The definition of oxidative stress is an in vivo imbalance between the formation and elimination of reactive oxygen. Changes of the normal redox state in the cell or tissues can produce harmful radicals that may damage components of the cellular machinery, including DNA, proteins and lipids. If the cellular components are chemically altered that cause genetic changes, this has generally been considered to promote formation of cancer or other serious diseases.
Sources of Oxygen Radicals—
Numerous in vivo generators of oxygen radicals (O2−, H2O2 and OH−) that potentially can cause oxidative stress have been identified: complex I and III in the mitochondria and NAD(P)H oxidase, xanthine oxidase, cytochromes P450, metal ions (cobalt, vanadium, chromium, copper and iron) and some organic compounds that can redox cycle.
General Antioxidants—
There also are numerous endogenously cellular antioxidants such as superoxide dismutase (SOD), catalase, glutathione peroxidase, peroxiredoxins and sulfiredoxin. Vitamins provided by the food are also considered as an important part of the protection of the organism from harmful oxygen radicals, and recent discovery of important antioxidants present in many sources of food has increased the arsenal of antioxidants.
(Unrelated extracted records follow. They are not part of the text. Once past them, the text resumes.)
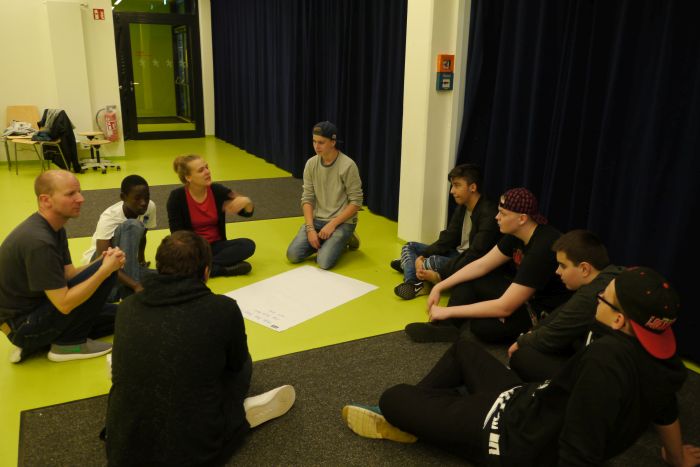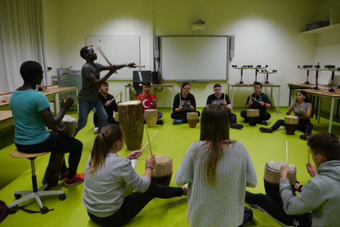 The Sosolya Undugu Dance Academy from Kampala / Uganda spent a week at the Stadtteilschule Bergdorf with class 10B to discuss about the climate change problems, ways to combat its effects and get to know each. The programs started from 8:00 a.m. – 4:00 p.m everyday. It started with a warm up and brain changes game like KAPUT, followed by discussions about the play and climate change effects. The students formed three groups: dancing, acting and drumming. Within this groups the students had to use creative methods to express the effects of climate change.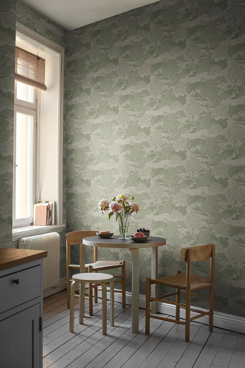 Het Boråstapeter Solängen behang in warm groen uit de collectie Nordic Folk brengt de levendige sfeer van het Zweedse landschap naar binnen. Tegen een zachte linnen beige achtergrond ontvouwt zich een verfijnd tafereel van glooiende weides, grazende paarden, zwaluwen in vlucht en hazen verscholen tussen paardenbloemen en klaver.
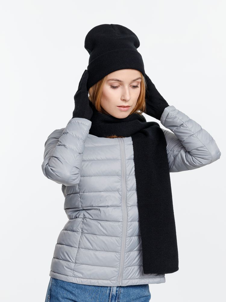 Двухслойная шапка из акриловой пряжи с регулируемым отворотом 7–10 см.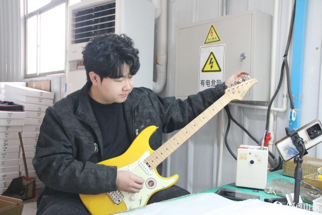 Chen Chongyang, a quality inspector, fine-tunes a guitar at a musical instrument factory in Tangwu town, Changle county, Weifang, east China's Shandong Province. (Photo: People's Daily Online/Song Cui)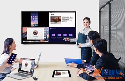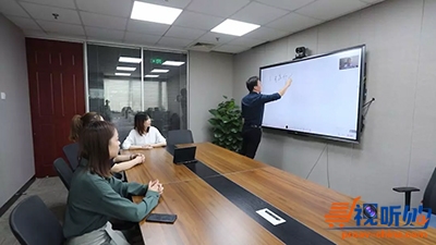 在远程视频会议中,具有摄像头及麦克风的整体方案可以快速开启“面对面”交流;通过桌面上的专业控制屏,组织者可以对视频会议设备进行集中管控,包括一键入会、调整摄像头方向或一键静音等。与会者可以直接进行无线投屏显示,并应用交互白板的书写、擦除等功能。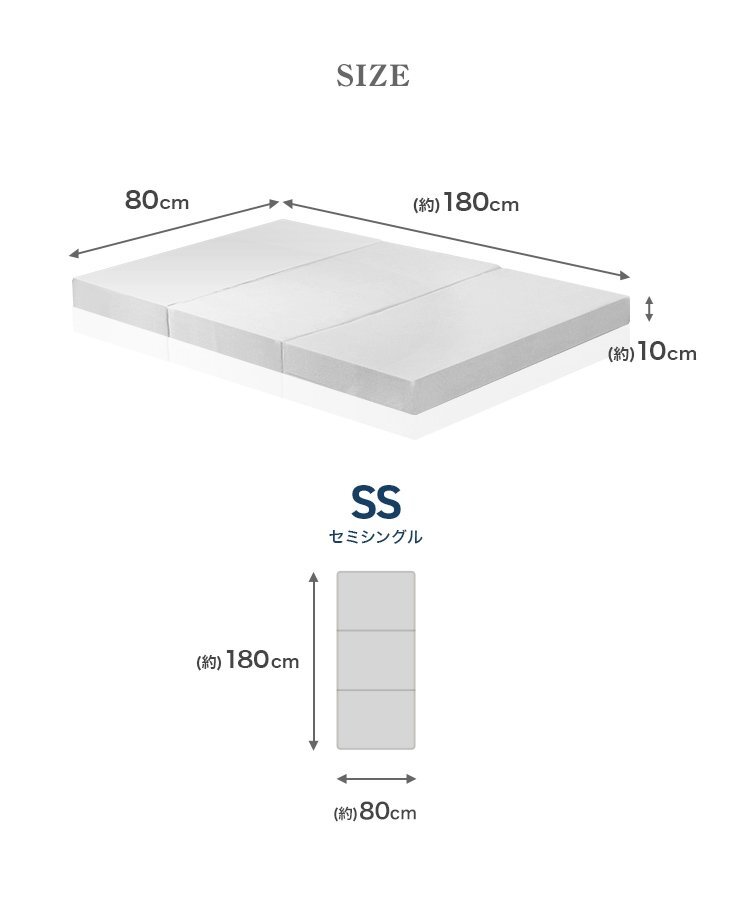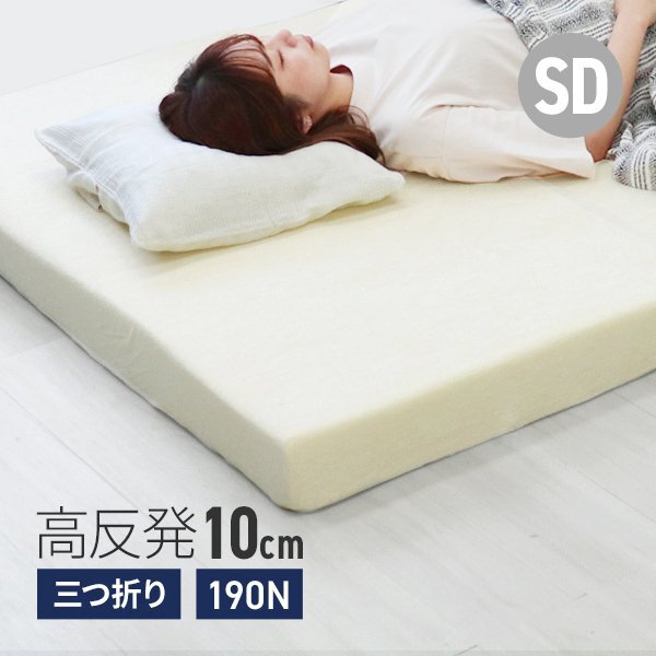 適度な硬さで身体をしっかり支える、三つ折りタイプの高反発マットレスです。 柔らかいマットレスとは違い、身体の沈み込みを軽減した腰に優しい寝心地です。 高反発マットレスのウレタンフォームは弾性が高く、適度な硬さで身体を支えるので、底つき感もなくへたりにくいマットレスです。 寝返りが多い方や仰向けに寝ることが多い方におススメです。 簡単にたためる三つ折りタイプなので、お部屋で立て置きして日当たりのいい場所で部屋干しが可能! 簡単着脱!洗えるU字ファスナーカバ付きです♪ 【商品仕様】 カラー:ベージュ サイズ(約):幅120cm×長さ195cm×厚み10cm(セミダブルサイズ) 折り畳み時(約):幅120cm×長さ65cm×厚み30cm 素材:高反発ウレタン 、パイル生地 他 硬さ:190ニュートン ※耐熱仕様ではございませんので、電気毛布との併用はおやめください。 |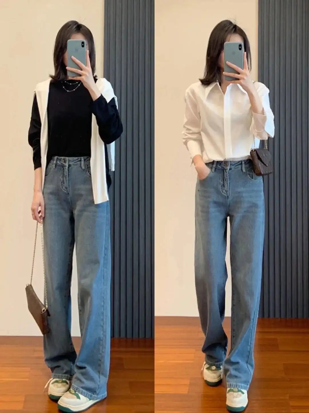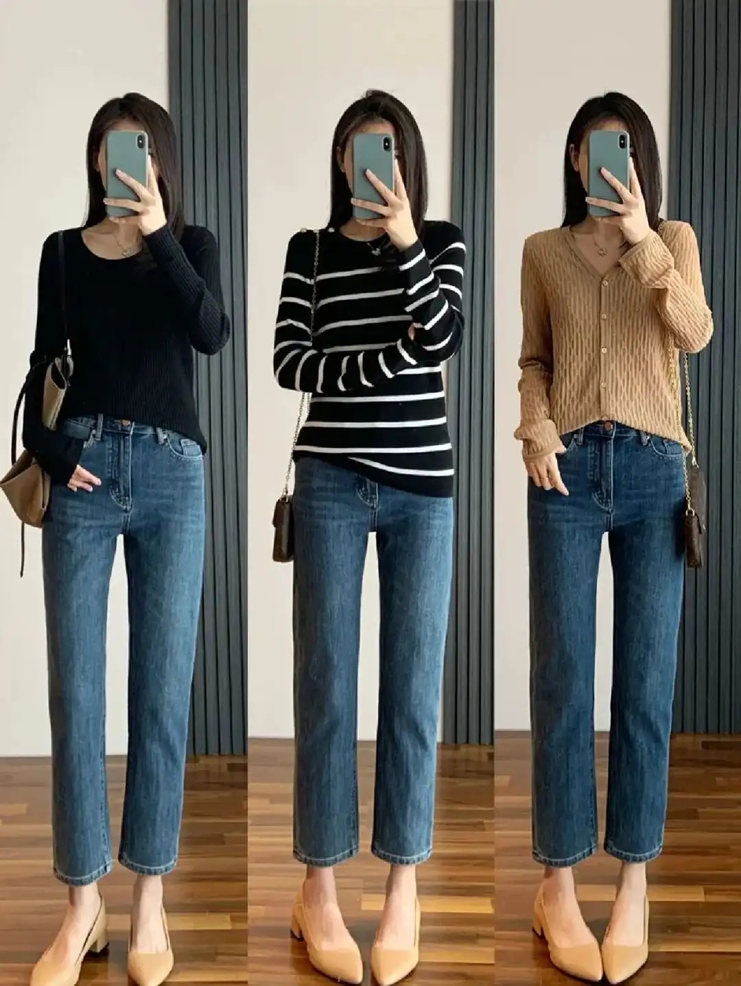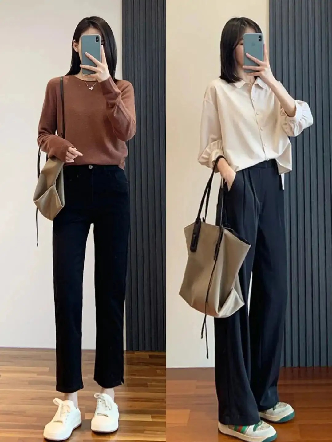 比如,博主身上这类修身线衣和修身衬衫,再比如她身上类修身窄版拖地牛仔裤,目之所及,全是适合日常外穿的基础款,单品上身精致得体,适合绝大多数氛围需求,去哪都不出错。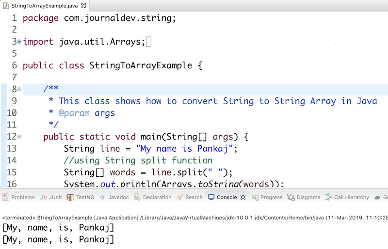 * This class shows how to convert String to String Array in Java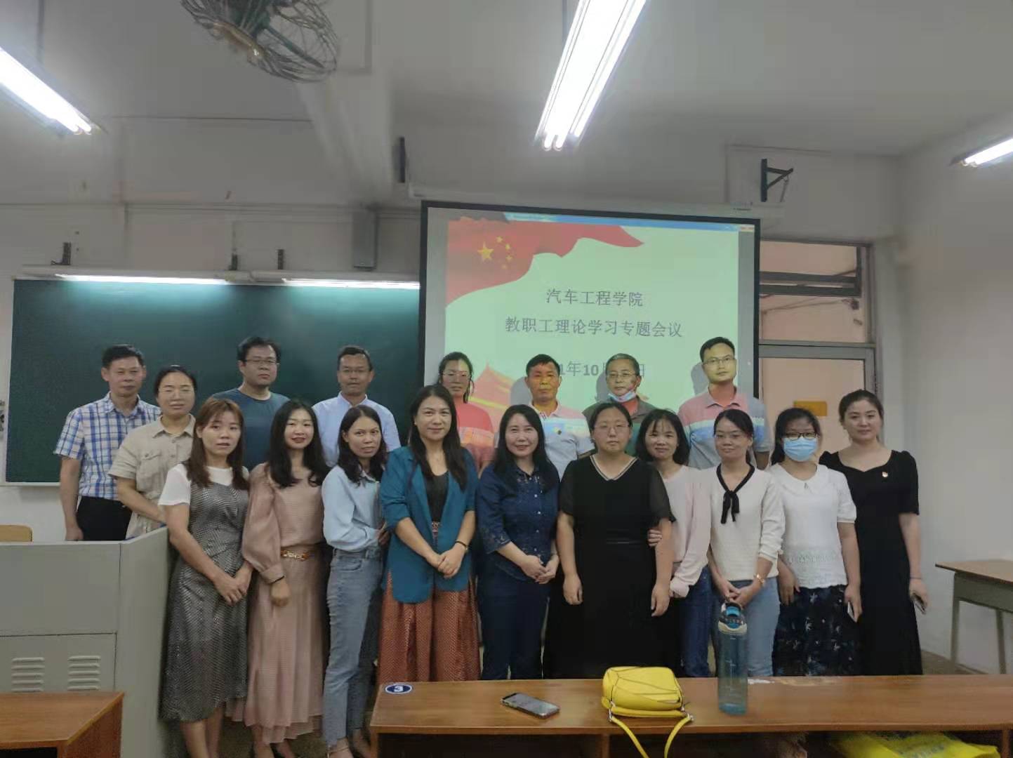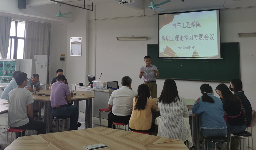 根据学校《关于组织开展教职工理论学习的通知》文件精神,10月12日下午,汽车工程学院党总支组织全体教职工开展专题政治学习。为方便学院教职员工,遵从“以师为本”的原则,体现学院文人关怀,本次专题政治学习活动根据学院实际情况开设了天河校区西区综合楼405和白云校区行知楼303两个会场。

Antioxidants as Therapeutics—
It is very clear that some antioxidants can be helpful in preventing diseases and promote health. What is much less clear is what type of antioxidants can be used. Many of the antioxidants present in natural food are redox active. If these types of redox active substances are isolated and provided as complementary pharmaceuticals—this may end up being more harmful than helpful. Clinical trials have shown that untargeted application of antioxidants, which broadly scavenge oxygen radicals, are not only ineffective but may even be harmful. This was illustrated in a study made with sixty-seven randomized trials with 232,550 participants including healthy and patients with various diseases (Bjelakovic G, Nikolova D, Simonetti R G, Gluud C. Cochrane Database Syst Rev. 2008 Jul. 16; (3):CD004183. Epub 2008 Jul. 16).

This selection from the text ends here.